109 lines (89 loc) · 5.56 KB

VALUEs in C extensions

Semantics on MRI

Before we discuss the mechanisms used to represent MRI's VALUE semantics we should outline what those are. A VALUEin a local variable (i.e. on the stack) will keep the associated object alive as long as that stack entry lasts (so either until the function exits, or until that variable is no longer live). We can also wrap C structures in Ruby objects, and when we do this we're able to specify a marking function. This marking function is used by MRI's garbage collector to find all the objects reachable from the structure, and allows it to mark them in the same way it would with normal instance variables. There are also a couple of utility methods and macros for keeping a value alive for the duration of a function call even if it is no longer being held in a variable, and for globally preserving a value held in a static variable.

Because VALUEs are essentially tagged pointers on MRI there are also some semantics that may be obvious but are worth stating anyway:

  • Any two VALUEs associated with the same object will be identical. In other words as long as an object is alive its VALUE will remain constant.
  • A VALUE for a live object can reuse the same tagged pointer that was previously used for a now dead object.

Emulating the semantics in TruffleRuby

Emulating these semantics on TruffleRuby is non-trivial. Although we are running under a garbage collector it doesn't know that a VALUE maps to an object, and neither does it have any mechanism for specifying a custom mark function to be used with particular objects. As long as VALUEs can remain as ValueWrapper objects then we don't need to do much. Ruby objects maintain a strong reference to their associated ValueWrapper, and vice versa, so we only really need to consider situations where VALUEs are converted into native handles.
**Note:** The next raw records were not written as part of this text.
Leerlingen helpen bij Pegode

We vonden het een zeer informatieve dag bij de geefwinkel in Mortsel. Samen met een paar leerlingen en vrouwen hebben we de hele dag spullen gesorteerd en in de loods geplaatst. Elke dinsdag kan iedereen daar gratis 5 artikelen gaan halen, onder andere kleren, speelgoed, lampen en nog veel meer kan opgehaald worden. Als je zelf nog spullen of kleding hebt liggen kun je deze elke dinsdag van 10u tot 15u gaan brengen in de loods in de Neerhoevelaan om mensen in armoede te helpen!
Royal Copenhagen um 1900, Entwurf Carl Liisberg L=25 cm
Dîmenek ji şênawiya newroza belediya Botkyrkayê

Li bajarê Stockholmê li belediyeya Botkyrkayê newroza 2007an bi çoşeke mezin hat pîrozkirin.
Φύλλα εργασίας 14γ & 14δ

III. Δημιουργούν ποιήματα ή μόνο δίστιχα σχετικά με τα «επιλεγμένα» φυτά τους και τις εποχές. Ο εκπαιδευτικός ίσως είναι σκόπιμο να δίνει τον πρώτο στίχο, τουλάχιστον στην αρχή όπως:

Keeping objects alive on the stack

We implement an ExtensionCallStack object to keep track of various bits of useful information during a call to a C extension. Each stack entry contains a preservedObject, and an additional potential preservedObjects list which together will contain all the ValueWrappers converted to native handles during the process of a call. When a new call is made a new ExtensionCallStackEntry is added to the stack, and when the call exits that entry is popped off again.
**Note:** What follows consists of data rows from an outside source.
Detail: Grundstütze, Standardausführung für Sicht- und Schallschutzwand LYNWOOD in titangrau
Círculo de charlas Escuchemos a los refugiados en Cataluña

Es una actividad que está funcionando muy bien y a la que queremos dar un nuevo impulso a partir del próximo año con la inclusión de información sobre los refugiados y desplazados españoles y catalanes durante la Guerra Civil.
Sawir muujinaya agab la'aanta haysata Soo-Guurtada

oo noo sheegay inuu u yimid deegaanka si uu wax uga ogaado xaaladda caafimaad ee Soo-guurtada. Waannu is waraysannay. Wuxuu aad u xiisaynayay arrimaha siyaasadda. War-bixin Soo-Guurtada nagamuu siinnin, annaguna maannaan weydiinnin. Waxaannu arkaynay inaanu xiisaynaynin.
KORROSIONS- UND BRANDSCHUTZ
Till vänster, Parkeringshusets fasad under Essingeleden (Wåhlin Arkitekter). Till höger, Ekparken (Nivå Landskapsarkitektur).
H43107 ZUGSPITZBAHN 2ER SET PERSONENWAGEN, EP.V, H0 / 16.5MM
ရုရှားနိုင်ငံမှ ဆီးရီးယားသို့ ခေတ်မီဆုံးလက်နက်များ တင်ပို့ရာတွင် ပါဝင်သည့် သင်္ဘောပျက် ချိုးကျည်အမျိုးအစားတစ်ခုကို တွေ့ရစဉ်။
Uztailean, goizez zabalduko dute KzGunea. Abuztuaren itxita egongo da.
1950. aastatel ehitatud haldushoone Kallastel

Keeping objects alive in structures

We don't have a way to run markers when doing garbage collection, but we know we're keeping objects alive during the lifetime of a C call, and we can record when the structure is accessed via DATA_PTR (which should be required for the internal state of that structure to be mutated). To do this we keep a list of objects to be marked in a similar manner to the objects that should be kept alive, and when we exit the C call we'll call those markers.

Running mark functions

We run markers by recording the object being marked on the extension stack, and then calling the marker which will in turn call rb_gc_mark for the individual VALUEs which are held by the structure. We'll record those marked objects in a temporary array also held on the extension stack, and then attach that to the object wrapping the struct when the mark function has finished.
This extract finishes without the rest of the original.